Brumes poisseuses du Missouri, image exsangue et granuleuse, teinte cendre des mobile-homes et country dépressive au banjo en fond sonore. Dès les premières images, le cliché plombant de l’exotisme Sundance se pose sans complexe. Le pitch est tout aussi alarmant : une ado, dont le père est en prison pour trafic de drogues, doit élever seule ses frères et sœurs et s’occuper de sa mère handicapée. Lorsqu’elle apprend que son père a hypothéqué leur maison pour payer sa caution avant de disparaître dans la nature, la jeune femme mène sa propre enquête en interrogeant les dealers du coin. D’emblée, Debra Granik pointe l’actualité comme grande coupable de cette jeunesse abandonnée par ses pères : tout ça, finalement, c’est le résultat de la crise économique mondiale et ses répercussions sur le sacro-saint foyer yankee. Devant un tel postulat, il y avait de quoi redouter l’élégie de trop.

Mais, heureuse surprise, Winter’s bone est de ces films qui savent trouver un second souffle, dès qu’ils abandonnent leurs tocs de bêtes à concours. S’il traite de l’adolescence traumatique, le film abandonne vite le portrait générationnel pour lui préférer la voie d’une enquête-Cluedo en milieu narcotrafiquant. Plus paradoxal : le film s’affranchit même de son background social. Si cette fameuse crise plane effectivement comme une atmosphère viciée, la cinéaste s’épargne heureusement toute tentation documentarisante à l’emporte-pièce sur le milieu redneck, son bayou et son défilé de trognes post-Delivrance (à l’inverse d’une aberration comme White lightnin’).

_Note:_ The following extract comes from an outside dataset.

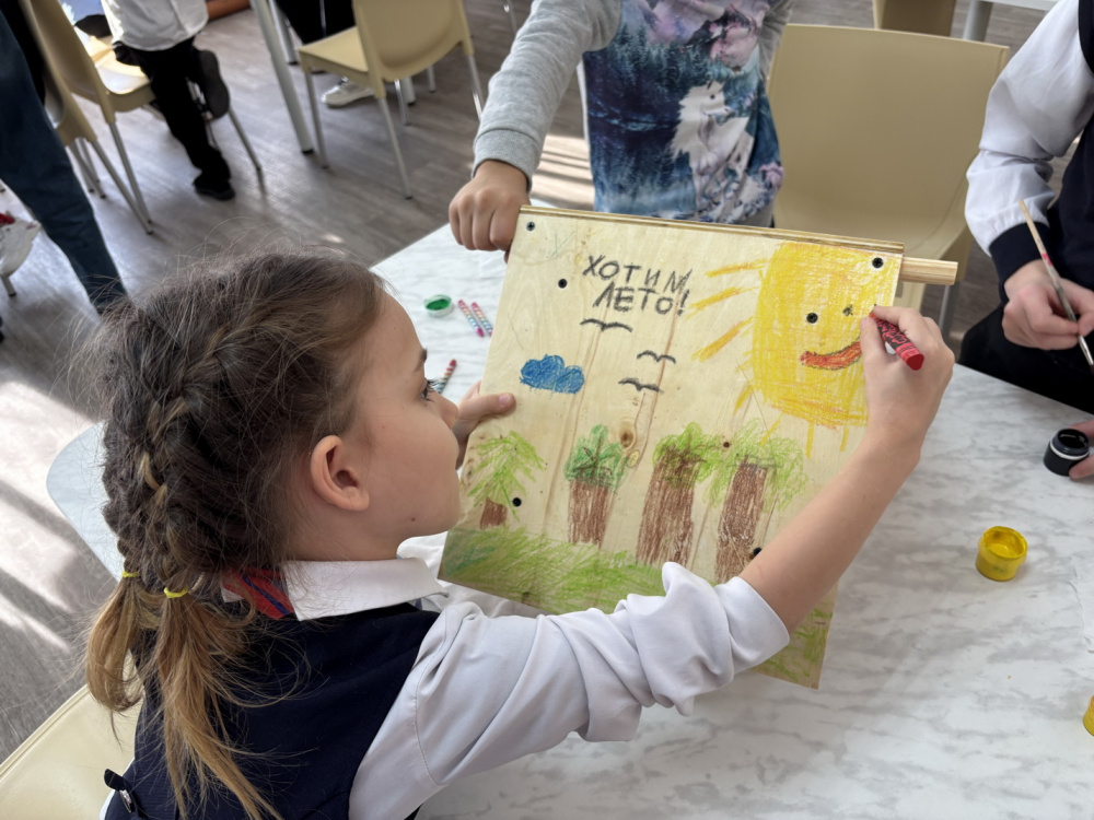 Ребята вспомнили, какие птицы обитают в наших краях, чем они питаются. Взрослые обратили внимание школьников, что снежный покров препятствует доступу к естественным источникам питания, поэтому птиц зимой нужно подкармливать. Дети с большим интересом и воодушевлением приступили к росписи «столовых для пернатых».
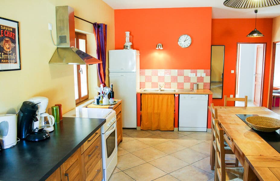 Buanderie commune avec 2 lave-linges. Terrasse privative ombragée. Gîte entièrement au rez-de-chaussée, adapté aux personnes à mobilité réduite. Belle pièce à vivre avec cuisine / séjour / salon. Chambre 1 (1lit 160). Chambre 2 (2 lits 90). Salle d'eau. Wc indépendant. Les lits sont faits a votre arrivée. Chauffage central. Toutes charges comprises, y compris le ménage en fin de séjour.

Schizophrène, le film l’est sûrement. Il peut d’ailleurs rebuter par cette manie de funambule à trouver lentement son équilibre entre maniérisme indie et ampleur romanesque. Une fois délestée de sa coquetterie néoréaliste, cette vision de l’americana profonde bascule vers une dimension onirique plus appropriée. L’absence du père fantôme (la meilleure idée du film), sert finalement de McGuffin pour emprunter la voie d’un vrai classicisme hollywoodien. Difficile, au final, de ne pas rapprocher le film d’un pur polar (pour sa galerie de personnages secondaires, tous excellents), voire même du western fordien, devant cette obstination aveugle de l’héroïne à mener son enquête jusqu’au déchirement identitaire.

N’allons pas trop vite en besogne : Winter’s bone n’est pas beaucoup plus, au bout du compte, qu’une honorable fiction référencée. Mais quand il préfère contempler son héroïne comme une icône de celluloïd (très belle découverte de Jennifer Lawrence) plutôt qu’un échantillon de plus de la jeunesse white trash, Winter’s bone révèle une indéniable grâce.